Data excerpts:
◆ ◆ ◆ ◆ ◆ ◆ ◆
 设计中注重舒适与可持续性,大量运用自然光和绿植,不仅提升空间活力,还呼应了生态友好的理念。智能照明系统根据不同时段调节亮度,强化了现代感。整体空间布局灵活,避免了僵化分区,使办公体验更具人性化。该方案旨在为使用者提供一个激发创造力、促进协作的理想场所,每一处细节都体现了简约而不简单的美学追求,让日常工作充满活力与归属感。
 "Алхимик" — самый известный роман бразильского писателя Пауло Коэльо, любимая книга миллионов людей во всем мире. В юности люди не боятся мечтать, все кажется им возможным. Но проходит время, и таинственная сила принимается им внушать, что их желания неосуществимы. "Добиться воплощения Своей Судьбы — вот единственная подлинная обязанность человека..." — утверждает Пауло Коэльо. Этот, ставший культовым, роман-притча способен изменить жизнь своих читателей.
◆ ◆ ◆ ◆ ◆ ◆ ◆
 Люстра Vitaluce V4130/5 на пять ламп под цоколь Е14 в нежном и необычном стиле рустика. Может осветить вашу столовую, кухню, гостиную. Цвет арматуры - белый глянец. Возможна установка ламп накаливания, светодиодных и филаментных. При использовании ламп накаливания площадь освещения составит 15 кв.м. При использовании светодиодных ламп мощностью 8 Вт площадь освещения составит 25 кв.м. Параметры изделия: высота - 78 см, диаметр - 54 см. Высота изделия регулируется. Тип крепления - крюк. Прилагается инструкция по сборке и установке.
◆ ◆ ◆ ◆ ◆ ◆ ◆
Your objective: In the data above, find the line that contains "设计中注重舒适与可持续性,大" and the line that contains "жизнь своих читателей.". Repeat exactly those lines and every line between them, and only those.

Solution to this exercise:
 设计中注重舒适与可持续性,大量运用自然光和绿植,不仅提升空间活力,还呼应了生态友好的理念。智能照明系统根据不同时段调节亮度,强化了现代感。整体空间布局灵活,避免了僵化分区,使办公体验更具人性化。该方案旨在为使用者提供一个激发创造力、促进协作的理想场所,每一处细节都体现了简约而不简单的美学追求,让日常工作充满活力与归属感。
 "Алхимик" — самый известный роман бразильского писателя Пауло Коэльо, любимая книга миллионов людей во всем мире. В юности люди не боятся мечтать, все кажется им возможным. Но проходит время, и таинственная сила принимается им внушать, что их желания неосуществимы. "Добиться воплощения Своей Судьбы — вот единственная подлинная обязанность человека..." — утверждает Пауло Коэльо. Этот, ставший культовым, роман-притча способен изменить жизнь своих читателей.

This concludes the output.